(Collected data)
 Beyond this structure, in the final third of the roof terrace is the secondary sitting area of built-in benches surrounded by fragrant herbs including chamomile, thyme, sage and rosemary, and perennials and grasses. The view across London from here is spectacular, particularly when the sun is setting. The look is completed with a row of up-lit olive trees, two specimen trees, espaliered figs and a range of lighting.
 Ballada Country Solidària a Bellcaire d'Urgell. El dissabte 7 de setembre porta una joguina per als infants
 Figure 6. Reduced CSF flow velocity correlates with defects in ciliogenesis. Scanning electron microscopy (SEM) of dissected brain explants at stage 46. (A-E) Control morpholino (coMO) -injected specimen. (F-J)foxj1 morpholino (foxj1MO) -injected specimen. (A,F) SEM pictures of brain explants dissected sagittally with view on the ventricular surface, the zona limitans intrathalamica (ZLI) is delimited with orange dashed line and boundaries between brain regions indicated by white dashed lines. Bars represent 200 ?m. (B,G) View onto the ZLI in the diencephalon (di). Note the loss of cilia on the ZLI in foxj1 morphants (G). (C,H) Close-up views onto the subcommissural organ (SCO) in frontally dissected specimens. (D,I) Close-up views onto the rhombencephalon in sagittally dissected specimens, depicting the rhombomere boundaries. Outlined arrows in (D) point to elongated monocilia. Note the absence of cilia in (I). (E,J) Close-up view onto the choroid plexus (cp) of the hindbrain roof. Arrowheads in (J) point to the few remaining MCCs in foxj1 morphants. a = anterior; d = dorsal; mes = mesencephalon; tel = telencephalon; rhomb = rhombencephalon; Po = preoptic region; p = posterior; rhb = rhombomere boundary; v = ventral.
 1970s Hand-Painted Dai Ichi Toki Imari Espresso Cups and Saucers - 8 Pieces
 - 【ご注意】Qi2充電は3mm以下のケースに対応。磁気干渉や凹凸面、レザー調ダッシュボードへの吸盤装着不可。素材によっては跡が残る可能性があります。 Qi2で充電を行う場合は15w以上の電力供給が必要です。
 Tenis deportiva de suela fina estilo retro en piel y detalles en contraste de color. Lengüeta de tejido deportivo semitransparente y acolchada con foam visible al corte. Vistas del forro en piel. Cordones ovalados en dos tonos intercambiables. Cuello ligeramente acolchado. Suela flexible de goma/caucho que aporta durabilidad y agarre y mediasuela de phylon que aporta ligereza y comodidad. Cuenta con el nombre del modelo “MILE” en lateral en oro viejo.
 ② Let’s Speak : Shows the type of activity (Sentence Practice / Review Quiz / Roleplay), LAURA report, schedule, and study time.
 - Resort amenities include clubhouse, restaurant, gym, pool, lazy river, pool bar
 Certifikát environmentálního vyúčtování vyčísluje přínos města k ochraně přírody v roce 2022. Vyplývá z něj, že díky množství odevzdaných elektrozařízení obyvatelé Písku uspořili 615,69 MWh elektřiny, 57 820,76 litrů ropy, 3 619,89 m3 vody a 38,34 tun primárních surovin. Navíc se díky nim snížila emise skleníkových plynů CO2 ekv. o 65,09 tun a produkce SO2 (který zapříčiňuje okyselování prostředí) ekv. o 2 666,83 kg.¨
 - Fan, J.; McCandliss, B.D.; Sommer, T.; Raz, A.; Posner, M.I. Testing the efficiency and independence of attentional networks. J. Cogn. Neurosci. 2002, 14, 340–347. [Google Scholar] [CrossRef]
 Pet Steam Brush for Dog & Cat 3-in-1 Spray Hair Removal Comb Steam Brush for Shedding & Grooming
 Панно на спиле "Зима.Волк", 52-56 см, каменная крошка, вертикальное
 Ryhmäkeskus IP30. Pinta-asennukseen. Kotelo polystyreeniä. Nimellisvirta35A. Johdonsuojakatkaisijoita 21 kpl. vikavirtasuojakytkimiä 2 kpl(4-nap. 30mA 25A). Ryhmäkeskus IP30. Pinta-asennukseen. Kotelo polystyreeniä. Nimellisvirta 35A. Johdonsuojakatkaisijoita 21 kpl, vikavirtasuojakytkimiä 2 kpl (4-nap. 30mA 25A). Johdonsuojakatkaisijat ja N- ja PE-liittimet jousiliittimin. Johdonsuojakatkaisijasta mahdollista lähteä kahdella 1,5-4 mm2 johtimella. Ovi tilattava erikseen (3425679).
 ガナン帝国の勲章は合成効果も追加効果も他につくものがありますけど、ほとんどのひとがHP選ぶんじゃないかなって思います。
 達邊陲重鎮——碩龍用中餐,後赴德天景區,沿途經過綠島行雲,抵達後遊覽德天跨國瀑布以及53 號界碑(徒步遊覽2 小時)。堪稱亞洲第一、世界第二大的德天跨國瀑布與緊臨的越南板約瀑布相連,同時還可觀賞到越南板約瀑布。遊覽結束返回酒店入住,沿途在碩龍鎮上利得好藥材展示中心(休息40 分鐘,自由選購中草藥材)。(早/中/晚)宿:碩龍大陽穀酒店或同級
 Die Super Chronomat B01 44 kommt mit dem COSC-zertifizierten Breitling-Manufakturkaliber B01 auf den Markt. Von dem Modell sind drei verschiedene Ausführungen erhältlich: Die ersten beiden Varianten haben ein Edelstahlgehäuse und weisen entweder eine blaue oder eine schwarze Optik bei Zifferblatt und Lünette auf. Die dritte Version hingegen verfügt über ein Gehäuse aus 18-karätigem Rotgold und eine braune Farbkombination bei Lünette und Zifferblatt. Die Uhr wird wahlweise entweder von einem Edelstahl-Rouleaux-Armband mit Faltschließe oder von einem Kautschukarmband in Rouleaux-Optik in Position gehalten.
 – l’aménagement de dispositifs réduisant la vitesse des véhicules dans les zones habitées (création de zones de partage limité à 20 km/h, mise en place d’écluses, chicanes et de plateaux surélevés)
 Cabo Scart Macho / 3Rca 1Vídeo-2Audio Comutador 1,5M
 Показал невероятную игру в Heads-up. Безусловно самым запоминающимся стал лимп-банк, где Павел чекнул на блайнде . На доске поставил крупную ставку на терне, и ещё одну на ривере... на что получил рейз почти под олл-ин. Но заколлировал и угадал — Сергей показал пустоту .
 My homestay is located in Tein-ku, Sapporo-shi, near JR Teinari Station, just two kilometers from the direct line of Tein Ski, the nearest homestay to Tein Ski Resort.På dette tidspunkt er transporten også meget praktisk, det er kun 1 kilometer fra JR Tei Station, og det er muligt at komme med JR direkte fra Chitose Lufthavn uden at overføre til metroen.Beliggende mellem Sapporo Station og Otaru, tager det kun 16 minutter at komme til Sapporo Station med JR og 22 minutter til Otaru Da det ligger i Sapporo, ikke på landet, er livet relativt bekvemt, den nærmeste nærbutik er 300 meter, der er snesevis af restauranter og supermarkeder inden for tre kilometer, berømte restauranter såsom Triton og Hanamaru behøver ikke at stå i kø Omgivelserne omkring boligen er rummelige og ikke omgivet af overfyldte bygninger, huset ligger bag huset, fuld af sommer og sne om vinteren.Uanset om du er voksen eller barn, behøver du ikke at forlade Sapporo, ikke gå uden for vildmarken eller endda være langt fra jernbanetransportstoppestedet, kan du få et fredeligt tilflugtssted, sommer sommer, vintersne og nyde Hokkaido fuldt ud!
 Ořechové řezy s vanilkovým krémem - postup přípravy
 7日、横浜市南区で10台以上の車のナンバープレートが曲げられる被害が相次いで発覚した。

### [Requirement]
For this exercise, retype each entry from above exactly as it stands.

### [Answer for this exercise]
 Beyond this structure, in the final third of the roof terrace is the secondary sitting area of built-in benches surrounded by fragrant herbs including chamomile, thyme, sage and rosemary, and perennials and grasses. The view across London from here is spectacular, particularly when the sun is setting. The look is completed with a row of up-lit olive trees, two specimen trees, espaliered figs and a range of lighting.
 Ballada Country Solidària a Bellcaire d'Urgell. El dissabte 7 de setembre porta una joguina per als infants
 Figure 6. Reduced CSF flow velocity correlates with defects in ciliogenesis. Scanning electron microscopy (SEM) of dissected brain explants at stage 46. (A-E) Control morpholino (coMO) -injected specimen. (F-J)foxj1 morpholino (foxj1MO) -injected specimen. (A,F) SEM pictures of brain explants dissected sagittally with view on the ventricular surface, the zona limitans intrathalamica (ZLI) is delimited with orange dashed line and boundaries between brain regions indicated by white dashed lines. Bars represent 200 ?m. (B,G) View onto the ZLI in the diencephalon (di). Note the loss of cilia on the ZLI in foxj1 morphants (G). (C,H) Close-up views onto the subcommissural organ (SCO) in frontally dissected specimens. (D,I) Close-up views onto the rhombencephalon in sagittally dissected specimens, depicting the rhombomere boundaries. Outlined arrows in (D) point to elongated monocilia. Note the absence of cilia in (I). (E,J) Close-up view onto the choroid plexus (cp) of the hindbrain roof. Arrowheads in (J) point to the few remaining MCCs in foxj1 morphants. a = anterior; d = dorsal; mes = mesencephalon; tel = telencephalon; rhomb = rhombencephalon; Po = preoptic region; p = posterior; rhb = rhombomere boundary; v = ventral.
 1970s Hand-Painted Dai Ichi Toki Imari Espresso Cups and Saucers - 8 Pieces
 - 【ご注意】Qi2充電は3mm以下のケースに対応。磁気干渉や凹凸面、レザー調ダッシュボードへの吸盤装着不可。素材によっては跡が残る可能性があります。 Qi2で充電を行う場合は15w以上の電力供給が必要です。
 Tenis deportiva de suela fina estilo retro en piel y detalles en contraste de color. Lengüeta de tejido deportivo semitransparente y acolchada con foam visible al corte. Vistas del forro en piel. Cordones ovalados en dos tonos intercambiables. Cuello ligeramente acolchado. Suela flexible de goma/caucho que aporta durabilidad y agarre y mediasuela de phylon que aporta ligereza y comodidad. Cuenta con el nombre del modelo “MILE” en lateral en oro viejo.
 ② Let’s Speak : Shows the type of activity (Sentence Practice / Review Quiz / Roleplay), LAURA report, schedule, and study time.
 - Resort amenities include clubhouse, restaurant, gym, pool, lazy river, pool bar
 Certifikát environmentálního vyúčtování vyčísluje přínos města k ochraně přírody v roce 2022. Vyplývá z něj, že díky množství odevzdaných elektrozařízení obyvatelé Písku uspořili 615,69 MWh elektřiny, 57 820,76 litrů ropy, 3 619,89 m3 vody a 38,34 tun primárních surovin. Navíc se díky nim snížila emise skleníkových plynů CO2 ekv. o 65,09 tun a produkce SO2 (který zapříčiňuje okyselování prostředí) ekv. o 2 666,83 kg.¨
 - Fan, J.; McCandliss, B.D.; Sommer, T.; Raz, A.; Posner, M.I. Testing the efficiency and independence of attentional networks. J. Cogn. Neurosci. 2002, 14, 340–347. [Google Scholar] [CrossRef]
 Pet Steam Brush for Dog & Cat 3-in-1 Spray Hair Removal Comb Steam Brush for Shedding & Grooming
 Панно на спиле "Зима.Волк", 52-56 см, каменная крошка, вертикальное
 Ryhmäkeskus IP30. Pinta-asennukseen. Kotelo polystyreeniä. Nimellisvirta35A. Johdonsuojakatkaisijoita 21 kpl. vikavirtasuojakytkimiä 2 kpl(4-nap. 30mA 25A). Ryhmäkeskus IP30. Pinta-asennukseen. Kotelo polystyreeniä. Nimellisvirta 35A. Johdonsuojakatkaisijoita 21 kpl, vikavirtasuojakytkimiä 2 kpl (4-nap. 30mA 25A). Johdonsuojakatkaisijat ja N- ja PE-liittimet jousiliittimin. Johdonsuojakatkaisijasta mahdollista lähteä kahdella 1,5-4 mm2 johtimella. Ovi tilattava erikseen (3425679).
 ガナン帝国の勲章は合成効果も追加効果も他につくものがありますけど、ほとんどのひとがHP選ぶんじゃないかなって思います。
 達邊陲重鎮——碩龍用中餐,後赴德天景區,沿途經過綠島行雲,抵達後遊覽德天跨國瀑布以及53 號界碑(徒步遊覽2 小時)。堪稱亞洲第一、世界第二大的德天跨國瀑布與緊臨的越南板約瀑布相連,同時還可觀賞到越南板約瀑布。遊覽結束返回酒店入住,沿途在碩龍鎮上利得好藥材展示中心(休息40 分鐘,自由選購中草藥材)。(早/中/晚)宿:碩龍大陽穀酒店或同級
 Die Super Chronomat B01 44 kommt mit dem COSC-zertifizierten Breitling-Manufakturkaliber B01 auf den Markt. Von dem Modell sind drei verschiedene Ausführungen erhältlich: Die ersten beiden Varianten haben ein Edelstahlgehäuse und weisen entweder eine blaue oder eine schwarze Optik bei Zifferblatt und Lünette auf. Die dritte Version hingegen verfügt über ein Gehäuse aus 18-karätigem Rotgold und eine braune Farbkombination bei Lünette und Zifferblatt. Die Uhr wird wahlweise entweder von einem Edelstahl-Rouleaux-Armband mit Faltschließe oder von einem Kautschukarmband in Rouleaux-Optik in Position gehalten.
 – l’aménagement de dispositifs réduisant la vitesse des véhicules dans les zones habitées (création de zones de partage limité à 20 km/h, mise en place d’écluses, chicanes et de plateaux surélevés)
 Cabo Scart Macho / 3Rca 1Vídeo-2Audio Comutador 1,5M
 Показал невероятную игру в Heads-up. Безусловно самым запоминающимся стал лимп-банк, где Павел чекнул на блайнде . На доске поставил крупную ставку на терне, и ещё одну на ривере... на что получил рейз почти под олл-ин. Но заколлировал и угадал — Сергей показал пустоту .
 My homestay is located in Tein-ku, Sapporo-shi, near JR Teinari Station, just two kilometers from the direct line of Tein Ski, the nearest homestay to Tein Ski Resort.På dette tidspunkt er transporten også meget praktisk, det er kun 1 kilometer fra JR Tei Station, og det er muligt at komme med JR direkte fra Chitose Lufthavn uden at overføre til metroen.Beliggende mellem Sapporo Station og Otaru, tager det kun 16 minutter at komme til Sapporo Station med JR og 22 minutter til Otaru Da det ligger i Sapporo, ikke på landet, er livet relativt bekvemt, den nærmeste nærbutik er 300 meter, der er snesevis af restauranter og supermarkeder inden for tre kilometer, berømte restauranter såsom Triton og Hanamaru behøver ikke at stå i kø Omgivelserne omkring boligen er rummelige og ikke omgivet af overfyldte bygninger, huset ligger bag huset, fuld af sommer og sne om vinteren.Uanset om du er voksen eller barn, behøver du ikke at forlade Sapporo, ikke gå uden for vildmarken eller endda være langt fra jernbanetransportstoppestedet, kan du få et fredeligt tilflugtssted, sommer sommer, vintersne og nyde Hokkaido fuldt ud!
 Ořechové řezy s vanilkovým krémem - postup přípravy
 7日、横浜市南区で10台以上の車のナンバープレートが曲げられる被害が相次いで発覚した。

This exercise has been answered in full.